Chameleon Preference Pane offers an easy way for you to edit the options for your Hackintosh's bootloader, straight from Mac OS X's System Preferences.
Chameleon Preference Pane has a very self-explanatory name: it's a preferences pane for Chameleon bootloader (though it also works with tonymacx86's Chimera bootloader, which is installed by Easybeast and UserDSDT).
To install Chameleon Preference Pane, download the zip file, unzip it (by double-clicking on it), and install the resulting prefpane file (again, by double-clicking on it). Your new Chameleon preferences pane will appear immediately.
The preferences pane is divided into several sections, some of which are obvious in their intent, while others are less so.

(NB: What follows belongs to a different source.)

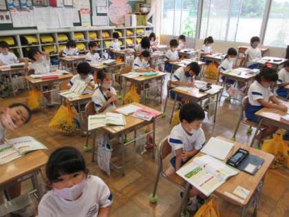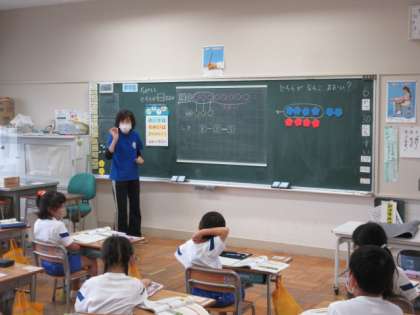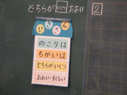 6月も最終日になりました。昨日までと違い、ちょっと肌寒い天気です。1年生は、算数の授業で引き算の学習でした。リンゴとミカンの数を比べ、どちらがどれだけ多いのかを求める問題をしていました。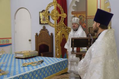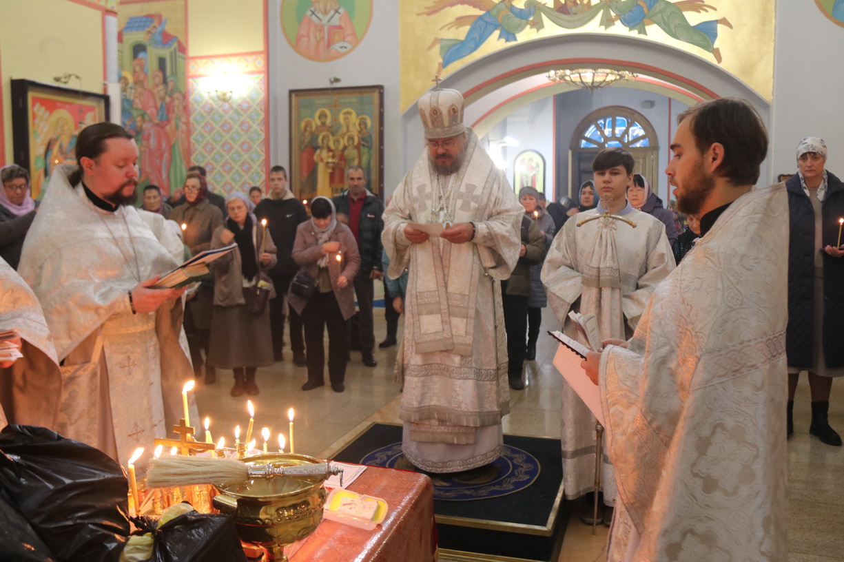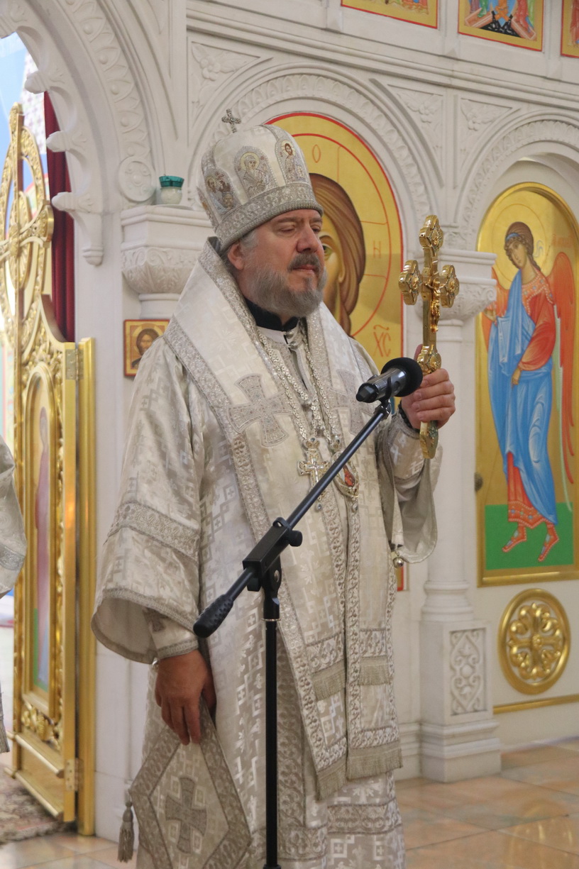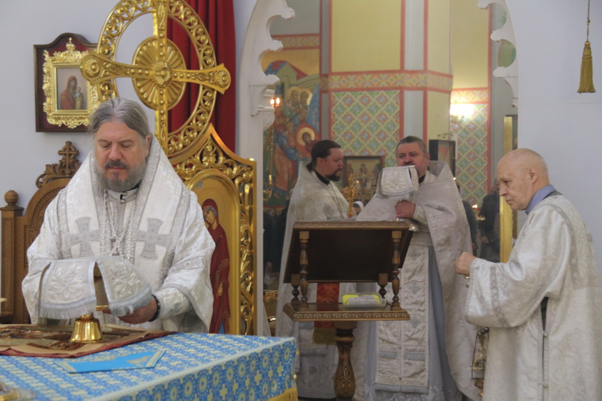 Его Преосвященству сослужили: иерей Виталий Шаркеев, руководитель Епархиального отдела по связями со СМИ; иерей Андрей Попов; иереи Иоанн и Илия Гречишниковы.

The preferences displayed on Chameleon Preference Pane are locked at first, so you need to click the lock icon on the bottom-left to enable editing. The pane loads the startup Disk options by default, but these rarely need to be messed with, so it's the other pages that really make Chameleon Preference Pane interesting. On the Boot Setup page, you can turn on the "Hide Partitions" and "Rename Partitions" options, which are two very useful (but poorly documented) features in Chameleon.
Meanwhile, the "Boot Flags", "Peripherals", and "Advanced Sections" all contain useful boot flags that can be applied to Chameleon. There's no clear division between any of these sections, so if you're looking for one particular Chameleon option, be sure to check all three sections. Some of these boot flags are very frequently used, while a few are more obscure. The "Boot Flags" section also contains a boot theme switcher.
The EFI Inject section deals with more advanced boot options, for activating unsupported graphics cards and ethernet adapters. We won't be covering those topics in this post.
Chameleon Preference Pane isn't perfect. Namely, it doesn't explain what any of its boot options actually do. Using this preference pane is advantageous if you're unfamiliar with editing .plist files, but you'll still have to do research on which options you need to use.
However, this preference pane provides an appealing alternative for any Hackintoshers with limited computer knowledge. To put it one way: if you don't know what a .plist file is, then just use this instead.